● Data records
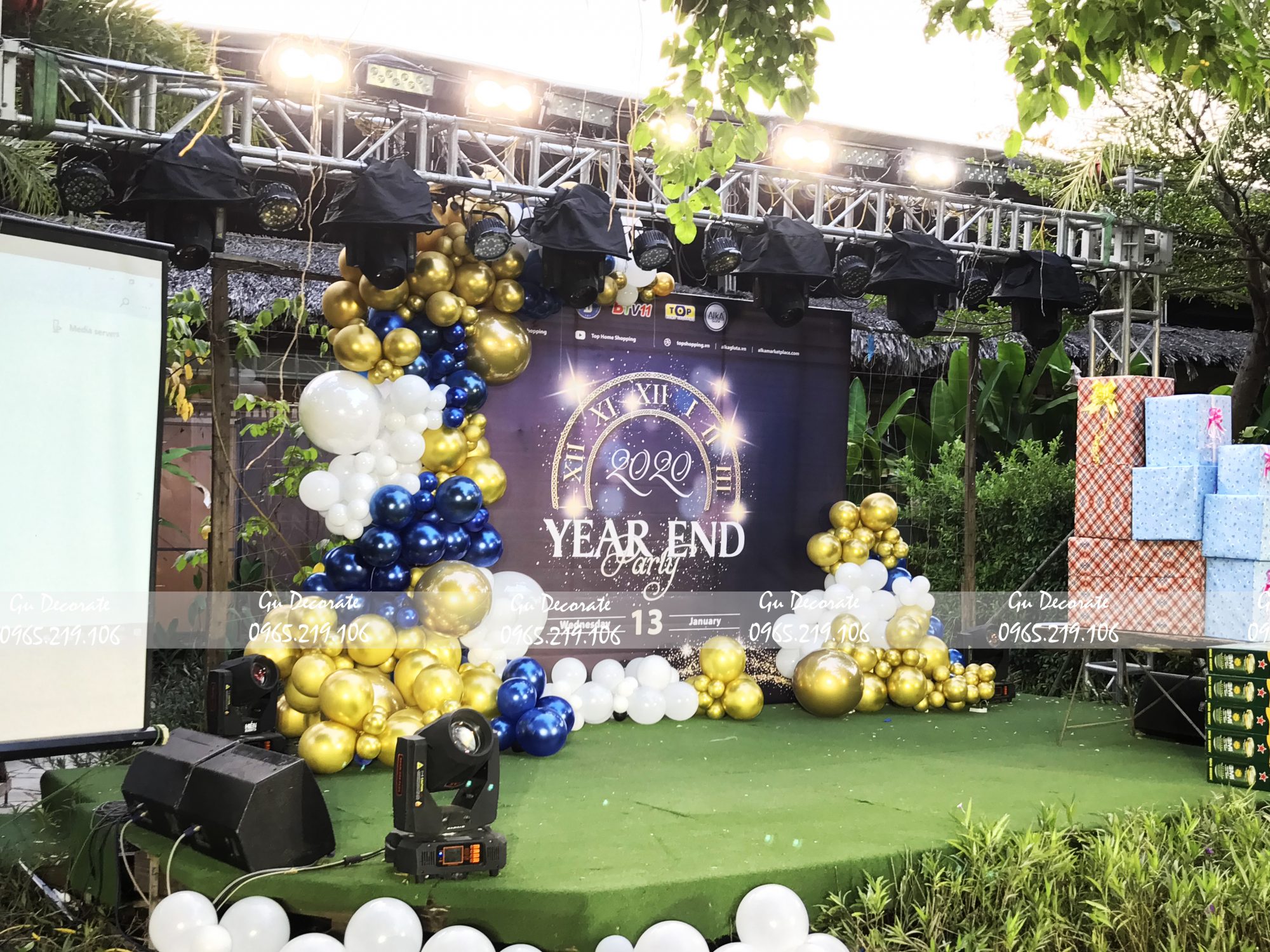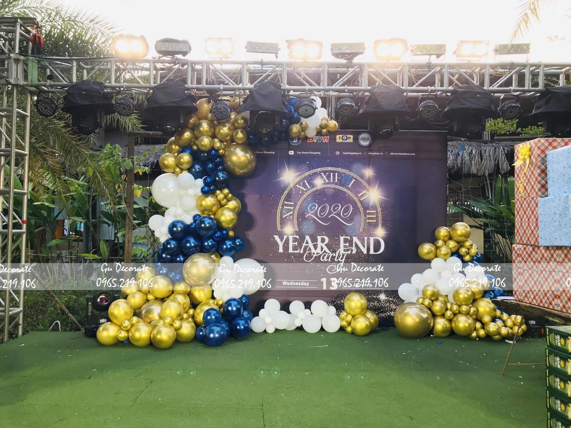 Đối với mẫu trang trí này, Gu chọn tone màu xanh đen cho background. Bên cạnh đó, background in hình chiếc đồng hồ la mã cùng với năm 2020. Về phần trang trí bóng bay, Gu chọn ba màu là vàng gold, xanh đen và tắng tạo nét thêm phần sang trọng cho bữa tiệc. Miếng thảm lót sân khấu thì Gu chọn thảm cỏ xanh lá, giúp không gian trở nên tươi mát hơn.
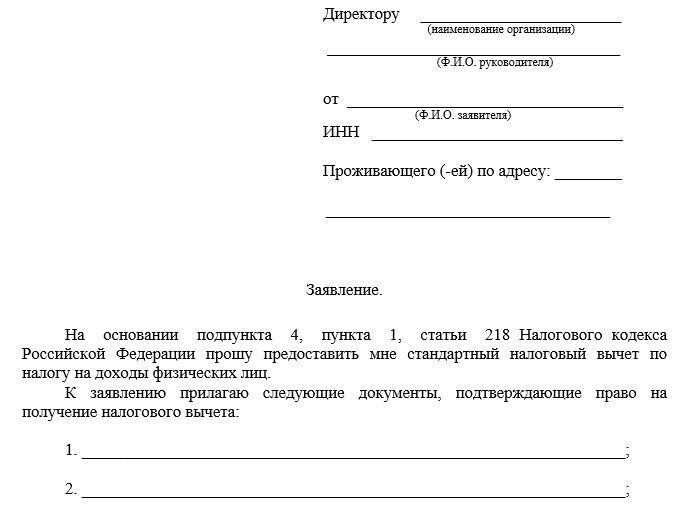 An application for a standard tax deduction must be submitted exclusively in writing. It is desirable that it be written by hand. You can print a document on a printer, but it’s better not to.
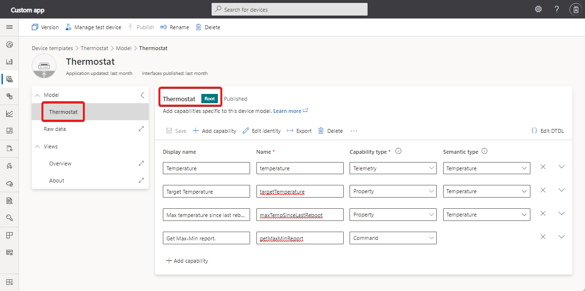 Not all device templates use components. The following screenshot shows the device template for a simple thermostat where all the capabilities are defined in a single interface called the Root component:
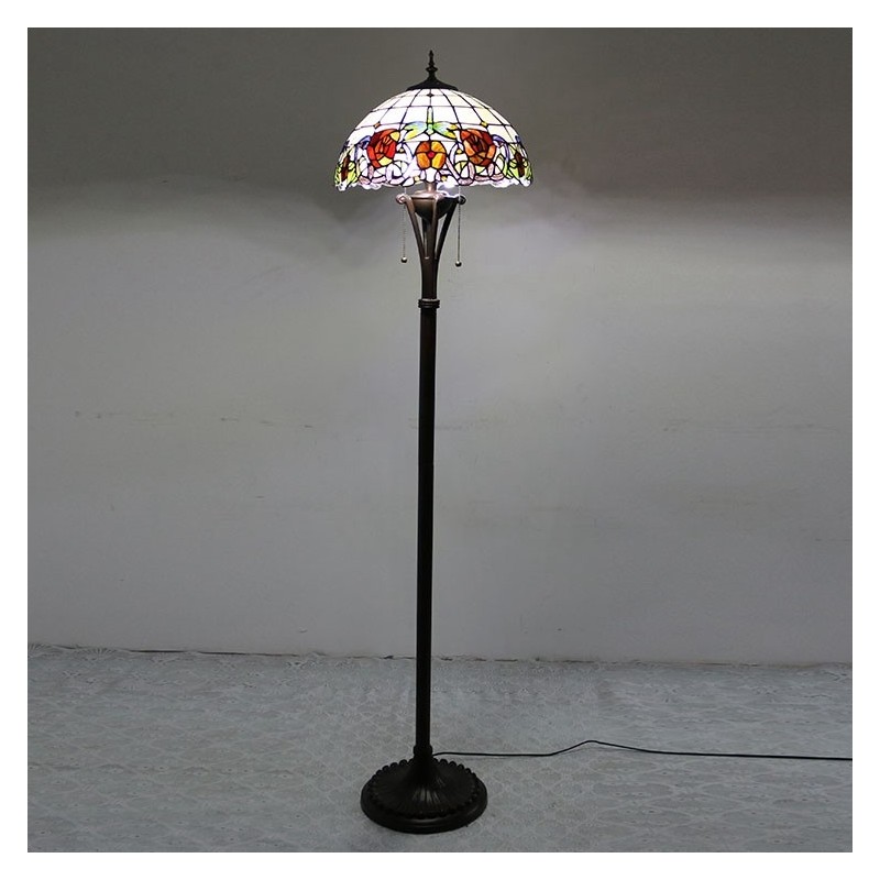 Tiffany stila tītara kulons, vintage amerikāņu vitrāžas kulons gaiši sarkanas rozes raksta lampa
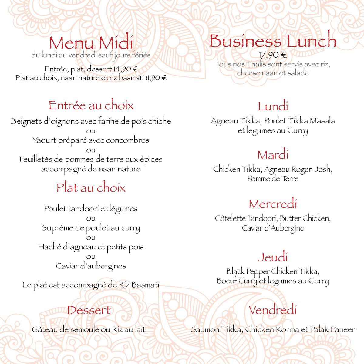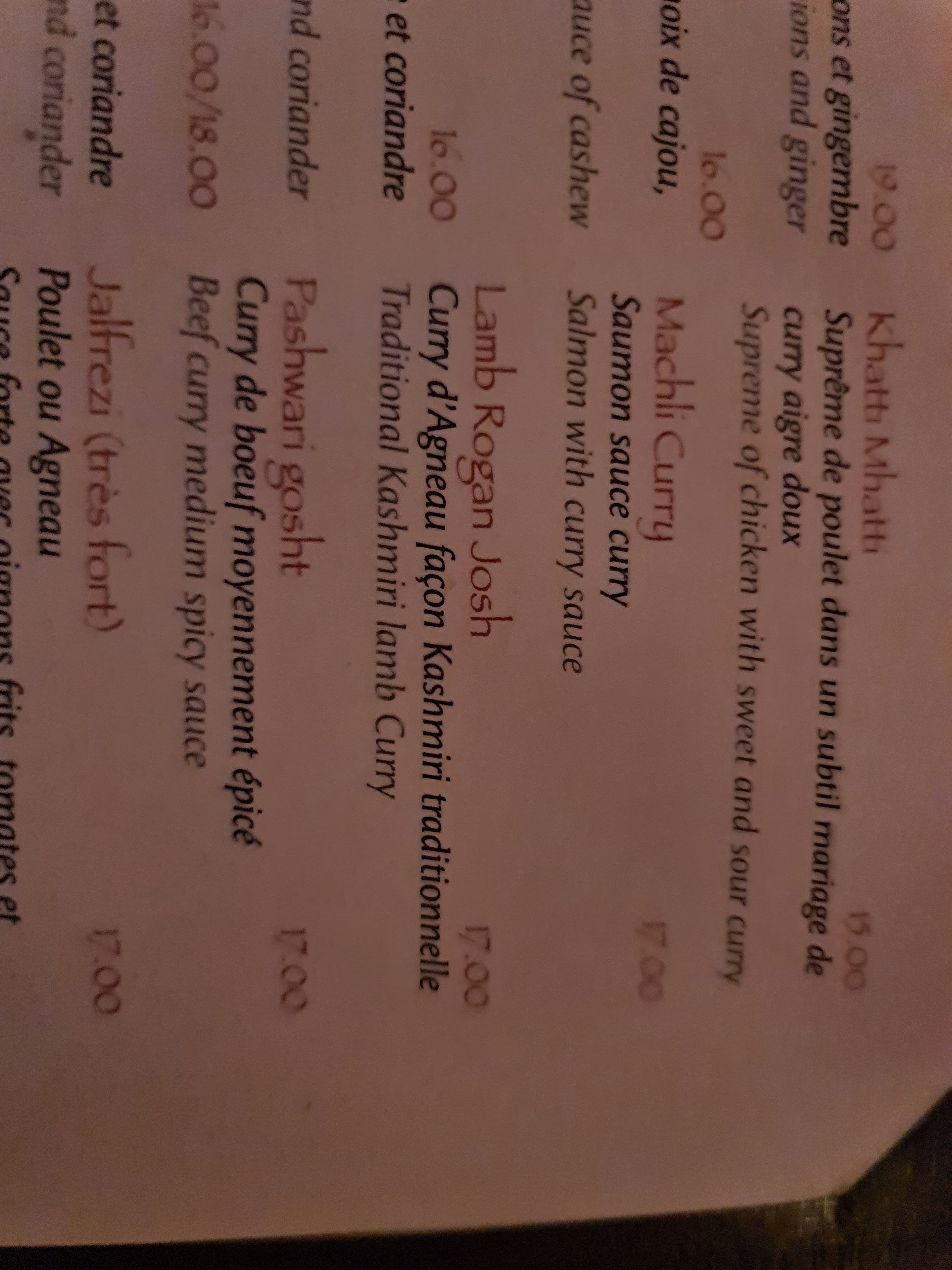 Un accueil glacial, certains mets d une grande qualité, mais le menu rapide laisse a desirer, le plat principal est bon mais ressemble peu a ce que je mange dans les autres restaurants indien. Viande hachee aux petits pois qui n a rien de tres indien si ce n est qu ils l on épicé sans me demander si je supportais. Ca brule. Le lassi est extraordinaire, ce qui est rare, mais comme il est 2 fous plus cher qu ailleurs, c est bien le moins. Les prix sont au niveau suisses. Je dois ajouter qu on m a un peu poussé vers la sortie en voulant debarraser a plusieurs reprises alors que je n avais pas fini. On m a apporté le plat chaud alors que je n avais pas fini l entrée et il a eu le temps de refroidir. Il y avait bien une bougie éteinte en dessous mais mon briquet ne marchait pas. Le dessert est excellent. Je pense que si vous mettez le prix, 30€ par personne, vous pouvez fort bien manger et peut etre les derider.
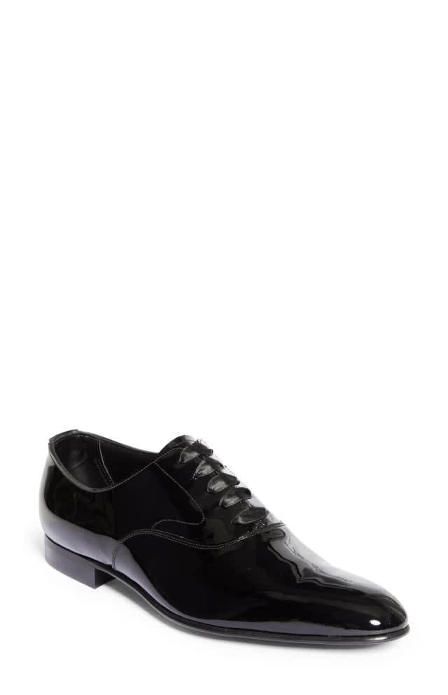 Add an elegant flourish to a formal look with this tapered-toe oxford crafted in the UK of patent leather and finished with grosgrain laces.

● What to produce
Give again, exactly, the lines from the start of the data through the one holding "Tiffany stila tītara"; omit the pictures.

● The answer
 Đối với mẫu trang trí này, Gu chọn tone màu xanh đen cho background. Bên cạnh đó, background in hình chiếc đồng hồ la mã cùng với năm 2020. Về phần trang trí bóng bay, Gu chọn ba màu là vàng gold, xanh đen và tắng tạo nét thêm phần sang trọng cho bữa tiệc. Miếng thảm lót sân khấu thì Gu chọn thảm cỏ xanh lá, giúp không gian trở nên tươi mát hơn.
 An application for a standard tax deduction must be submitted exclusively in writing. It is desirable that it be written by hand. You can print a document on a printer, but it’s better not to.
 Not all device templates use components. The following screenshot shows the device template for a simple thermostat where all the capabilities are defined in a single interface called the Root component:
 Tiffany stila tītara kulons, vintage amerikāņu vitrāžas kulons gaiši sarkanas rozes raksta lampa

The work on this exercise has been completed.